At the time of composition, Bassani was at the height of his powers: after being appointed prince of the prestigious Accademia Filarmonica in Bologna, in 1683 (the year prior to the publication of the present pieces), he had made his opera debut at the Teatro S. Angelo in Venice with Falaride tiranno d’Agrigento (Falarides, tyrant of Agrigento) on a poem by Adriano Morselli, one of the greatest librettists of the time. Much of Bassani's works while in employ at the Santa Maria Maggiore at Bergamo (where he was appointed Maestro of the basilica in 1712) had been around funerary matters, so these works offered a very different outlet; and, unsurprisingly, the laachrymose passages here are hugely effective!.
The music contains huge contrasts, therefore, sometimes within one movement. Try this one from the Cantata Luci brune ho il cor ferito, the final aria, "Pugnar con due pupile"; notice how Piroli moves not just in terms of agility but also in terms of Affekt between modes of utterance:
.. before closing with the impossibly beautiful "Mio cor dunque preparati" - here the darker moments seem cloaked in darkest velvet:
The form of these cantatas is straightforward sequences of aria-recitative- aria, or alternatively recitative-aria-recitative, sometimes simply in three movements, sometimes (as in the Cantata "Ardea di sue begi'occhi") in eight movements. Throughout, chromaticism (here often as a precursor of the Neapolitan sixth) is used expressively.

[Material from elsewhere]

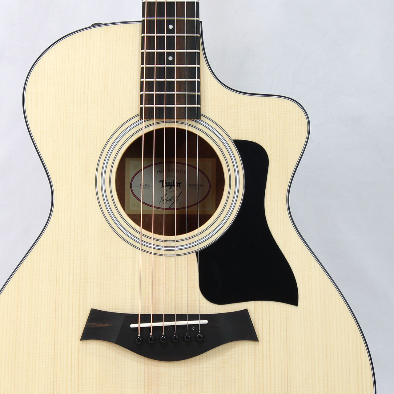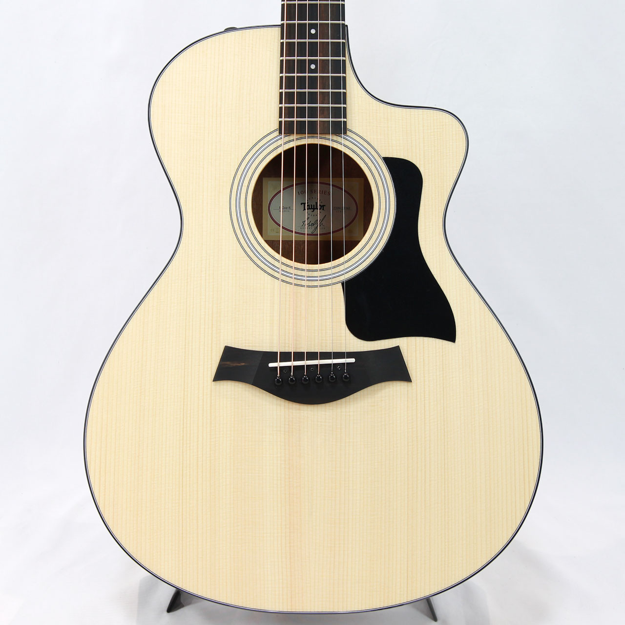 こちらはテイラーのエントリーモデルと呼べる100番台に新しく追加された、小振りなグランド・コンサートボディが採用された112ce-S。114ce-Sに比べてボディが小振りで抱えやすくスケールも短く押さえやすいので、お身体の小さな方や手の小さい方にも扱いやすいモデルとなります。

Perhaps one of the most touching arias is ""Che ti costa o bocca acara", the first movement of the cantata of that name:
I finally just want to give an example of the splendid fluidity of Bassani's writing and the contrast that with an emotional heaviness - not in aria, but in recitative. So here's the stand-alone aria, Un occhio vezzoso, an example of the former:
... and for the latter, here's the recitative, "Lungi dal ben ch'adoro":
While at 56 minutes this may not ne the longest compact disc out there, it is one of the most consistently beautiful and emotionally affecting. Booklet notes are extensive, and full Italian text with English-only translation are both included. Plus, the young Cremonese soprano Anna Piroli, her voice of astonishing purity and possessed of the ability for great virtuosity, is clearly a name to watch in the field of Baroque music ...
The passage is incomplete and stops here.